═════ The data
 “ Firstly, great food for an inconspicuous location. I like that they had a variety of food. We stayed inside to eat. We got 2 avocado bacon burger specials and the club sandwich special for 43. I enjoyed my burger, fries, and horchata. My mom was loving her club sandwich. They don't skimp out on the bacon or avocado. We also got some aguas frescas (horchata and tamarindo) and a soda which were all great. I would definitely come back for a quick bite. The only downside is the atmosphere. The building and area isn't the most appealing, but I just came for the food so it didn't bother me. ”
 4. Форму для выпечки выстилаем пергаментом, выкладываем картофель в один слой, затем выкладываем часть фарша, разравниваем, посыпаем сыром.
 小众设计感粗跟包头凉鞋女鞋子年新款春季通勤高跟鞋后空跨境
══════════
═════ The data
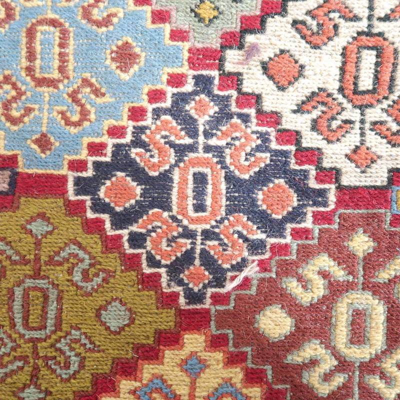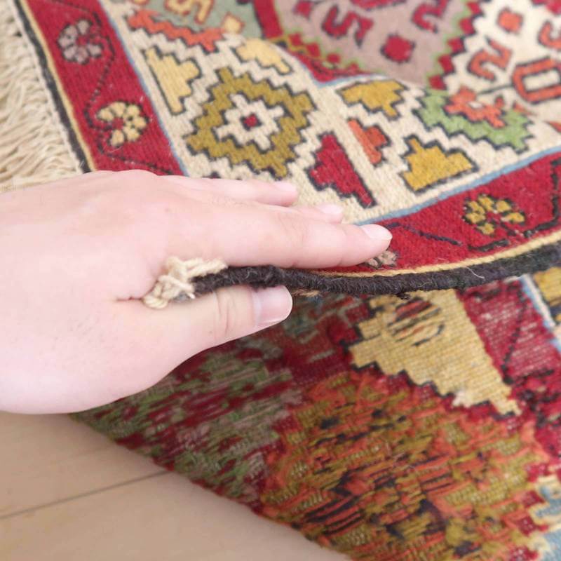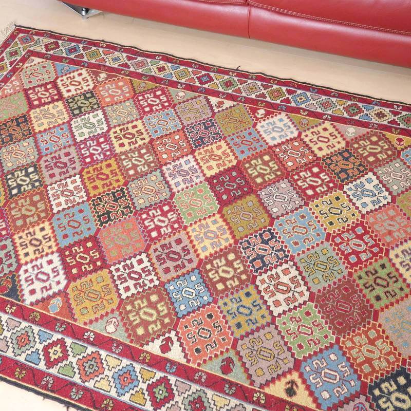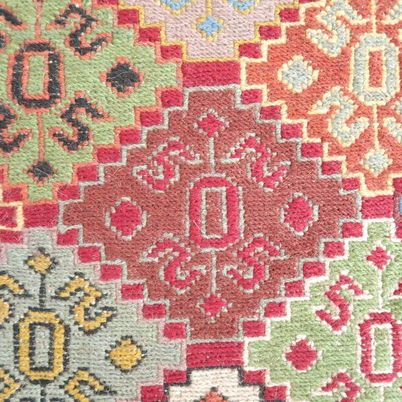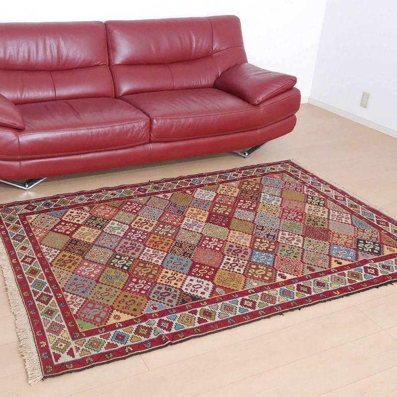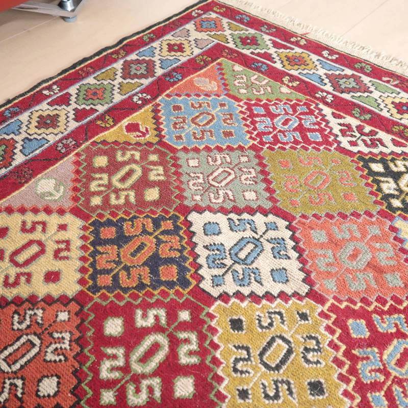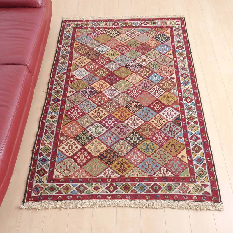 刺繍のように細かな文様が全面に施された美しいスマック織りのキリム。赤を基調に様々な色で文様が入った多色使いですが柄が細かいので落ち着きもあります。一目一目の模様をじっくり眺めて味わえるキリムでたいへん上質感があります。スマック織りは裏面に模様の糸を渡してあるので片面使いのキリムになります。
══════════
- **Problem statement**
Take the entries above and return only the lines from the one with "Firstly, great food" to the one with "小众设计感粗跟包头凉鞋女鞋子年新款春季通勤高跟鞋后空跨境", both included, unchanged.

- **Your solution**
 “ Firstly, great food for an inconspicuous location. I like that they had a variety of food. We stayed inside to eat. We got 2 avocado bacon burger specials and the club sandwich special for 43. I enjoyed my burger, fries, and horchata. My mom was loving her club sandwich. They don't skimp out on the bacon or avocado. We also got some aguas frescas (horchata and tamarindo) and a soda which were all great. I would definitely come back for a quick bite. The only downside is the atmosphere. The building and area isn't the most appealing, but I just came for the food so it didn't bother me. ”
 4. Форму для выпечки выстилаем пергаментом, выкладываем картофель в один слой, затем выкладываем часть фарша, разравниваем, посыпаем сыром.
 小众设计感粗跟包头凉鞋女鞋子年新款春季通勤高跟鞋后空跨境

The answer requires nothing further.